Dollar Stays Near Recent Highs on Higher US Treasury Yields


The dollar camped near its three and a half year high against a basket of other major currencies on Thursday, supported by increased US Treasury yield, led by the 10-year benchmark that topped the 3 percent threshold this week. This was the first time in four years.

close-up shot of thick dollar bills stacked on top of a wooden table


The 10-year Treasury yield has recorded a new four-year high of 3.035 percent, led by fear over the swelling supply of government debt, as well as inflationary pressure from rising oil prices.

Any increase in levels past 3.041 percent would put the US benchmark 10-year yield to its highest levels since July 2011. The recent increase in US bond yields has made US-Japan and US-German yield differentials wider further to the greenback’s benefit, making the yen and the euro lower.

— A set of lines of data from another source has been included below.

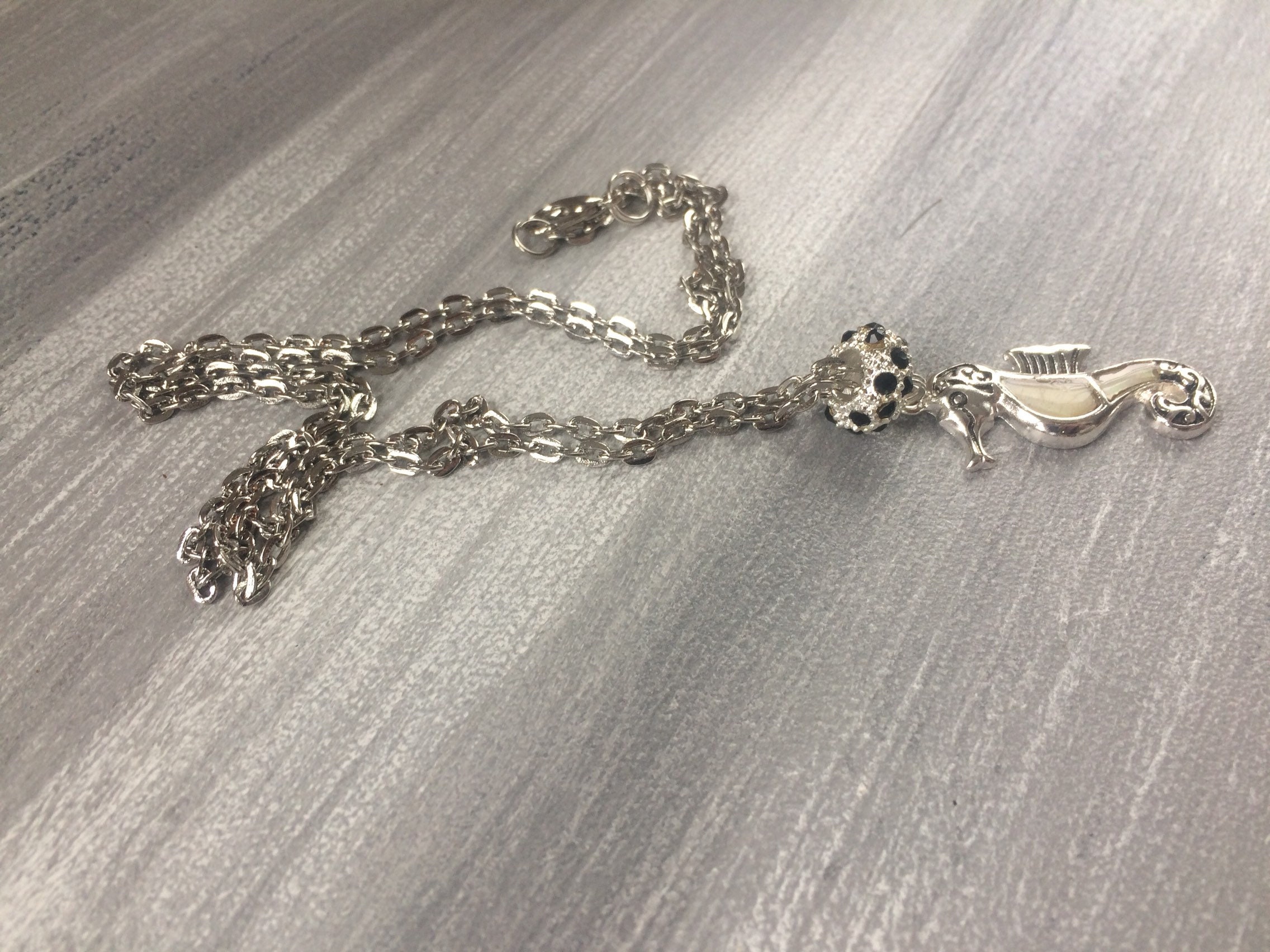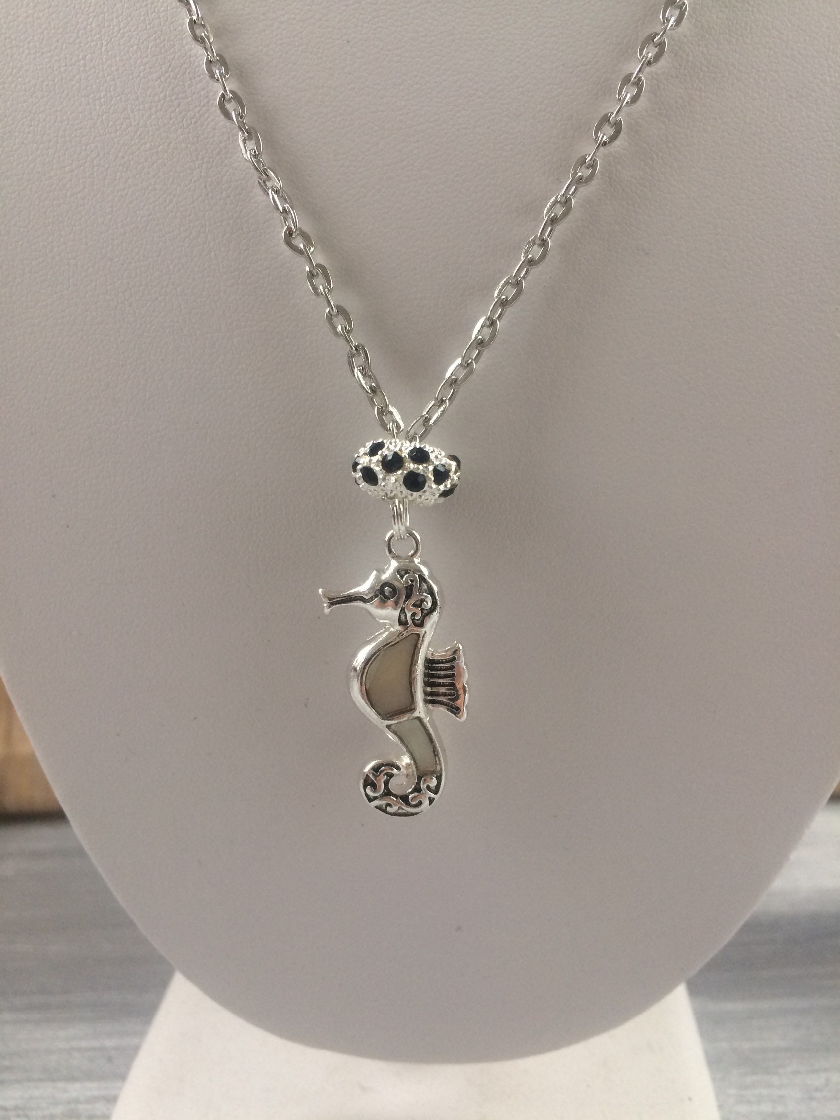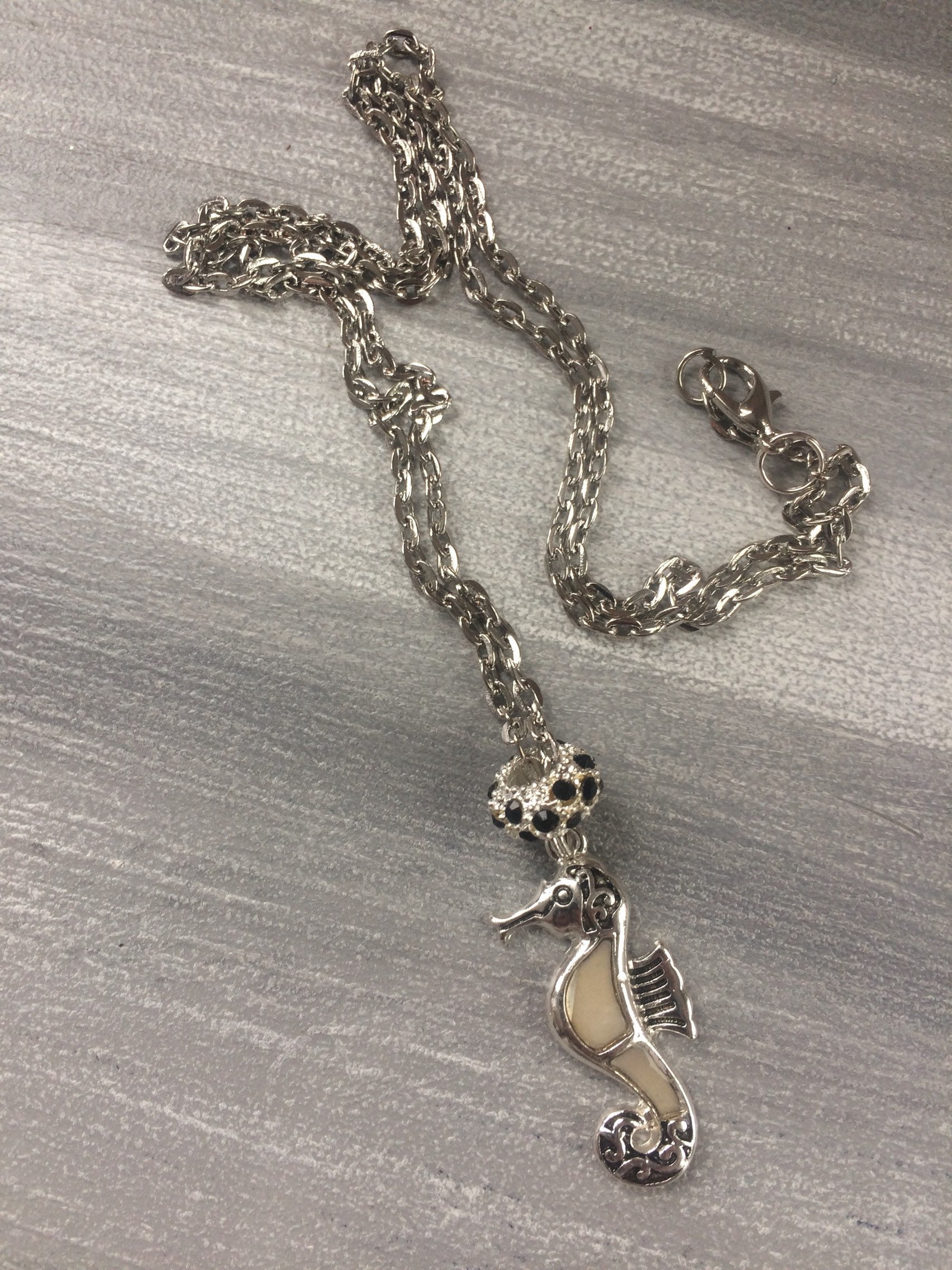 Mother of Pearl Seahorse Charm & Rhinestone Bead on a Silvertone 24”L Chain Necklace with lobster clasp closure
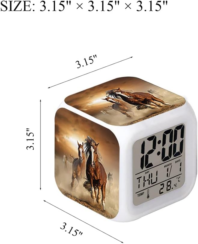 Feature: Snooze, Night Light, Glowing Led Lights (Glowing LED light with 7 different color changing.)
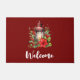 Red Christmas Lantern Poinsettia and Pine Welcome Doormat
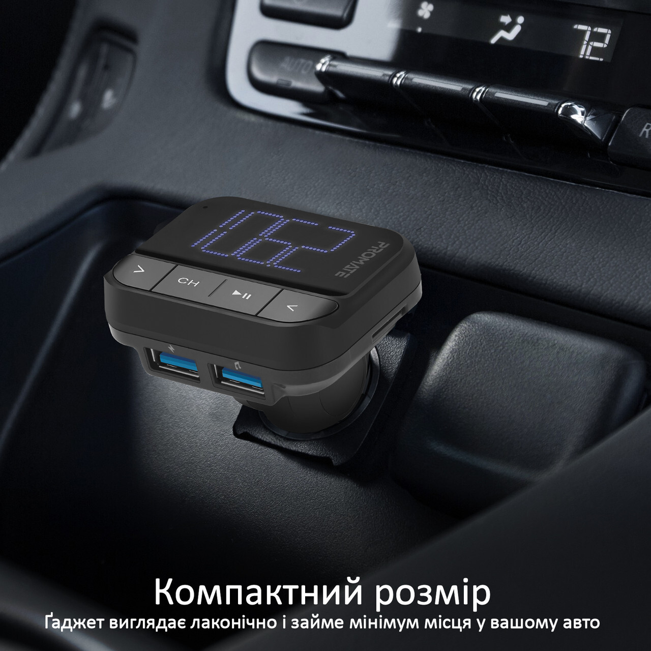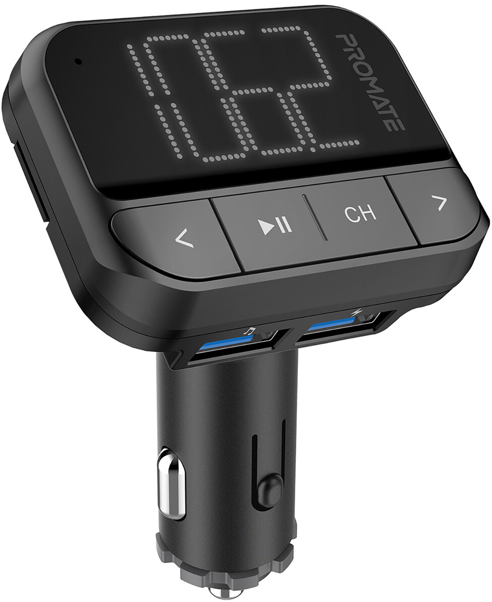 Promate ezFM-2 — це компактний і надійний FM-трансмітер, який легко перетворює будь-яку автомобільну магнітолу на сучасний музичний центр. Завдяки трьом способам відтворення ви завжди матимете доступ до улюблених треків: вставте MicroSD-карту чи USB-флешку, або під'єднайте телефон чи плеєр через комплектний AUX-кабель.
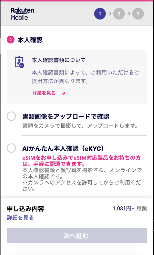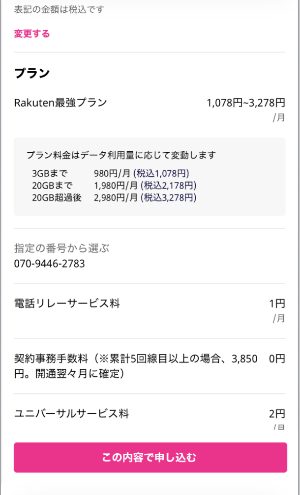 楽天モバイルの場合
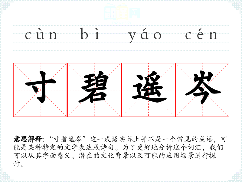 “寸碧遥岑”这一成语实际上并不是一个常见的成语,可能是某种特定的文学表达或诗句。为了更好地分析这个词汇,我们可以从其字面意义、潜在的文化背景以及可能的应用场景进行探讨。
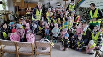 Ein Ausflug der besonderen Art führte uns Anfang Oktober in die wunderschön geschmückte und dekorierte Kirche in Merzdorf. Die Einwohner hatten reichlich Obst, Gemüse und andere Gaben abgegeben, um für die gute Ernte im Jahr zu danken. Alle Kinder und Erzieher/innen staunten nicht schlecht über schön angerichteten Körbe und Kränze, aber besonders voll war der große Erntegabenbaum mit allen erdenklichen Früchten.
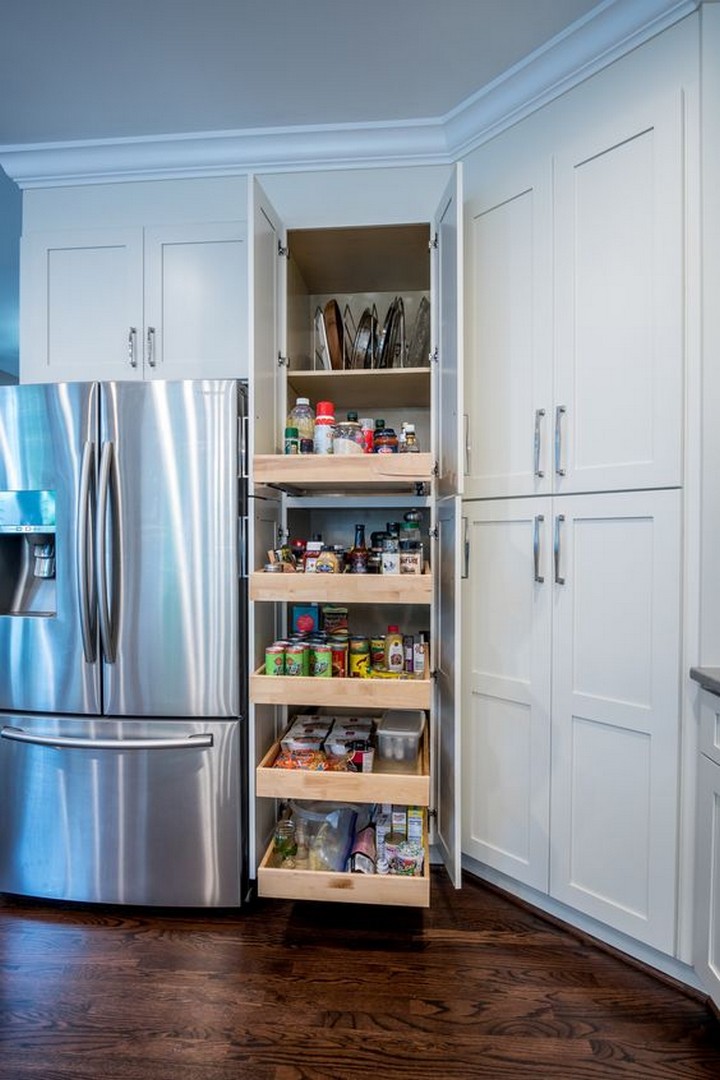 Install a pull-out pantry system with narrow shelves or baskets that can be pulled out to reveal hidden storage. This is a space-saving solution for small kitchens.
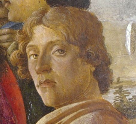 Then there was his style. He certainly learnt a fair amount from older artists. He was a pupil of Filippo Lippi, Pollaiuolo, and, together with Leonardo, of Verrochio. But Botticelli quickly developed his own idiom managing to set up his own workshop at an early age. His images have a particular ‘look’ with the candor of the faces, the sinuosity of his figures, and the tenderness of his expressions. His depicted worlds are not of perceptible realms.

“Unless there is a very unlikely massive meltdown in US equity markets, it is doubtful the Fed will waver on a June rate hike,” said Stephen Innes, who is the head of trading in Asia-Pacific for Oanda in Singapore.

“With equity market sentiment holding firm in the face of rising bond yields, the almighty dollar could move through G-10 currency markets like wrecking ball,” added Innes.

The US dollar index, which gauges the greenback’s strength against six other major currencies, settled at 91.136 after rising to a high of 91.261 on Wednesday, which was its strongest since January 12.

Meanwhile, Wall Street crept into the positive territory on Wednesday with optimism over a string of optimistic earnings reports, even if that was partially offset by the anxiety caused by soaring US bond yields and corporate expenses.

The euro gained 0.2 percent to $1.2179, though it was still within spitting distance from a nearly two-month low of $1.2160, which was recorded on Wednesday.

The European Central Bank is expected to keep policy untouched on Thursday, squashing worries over the recent softness in the euro zone economy as well as leaving opportunities open to the undoing of its generous bond purchase scheme by the end of the year.

Meanwhile, the dollar set a 2 and a half month high of 109.49 yen, but it later eased to 109.30 yen, 0.1 percent lower.
The dollar may take some major technical levels near 110 yen soon, according to Teppei Ino, an analyst for MUFG Bank in Singapore.

So far this month, the dollar has gained 2.8 percent against the yen, on track for its biggest monthly gain since November 2016.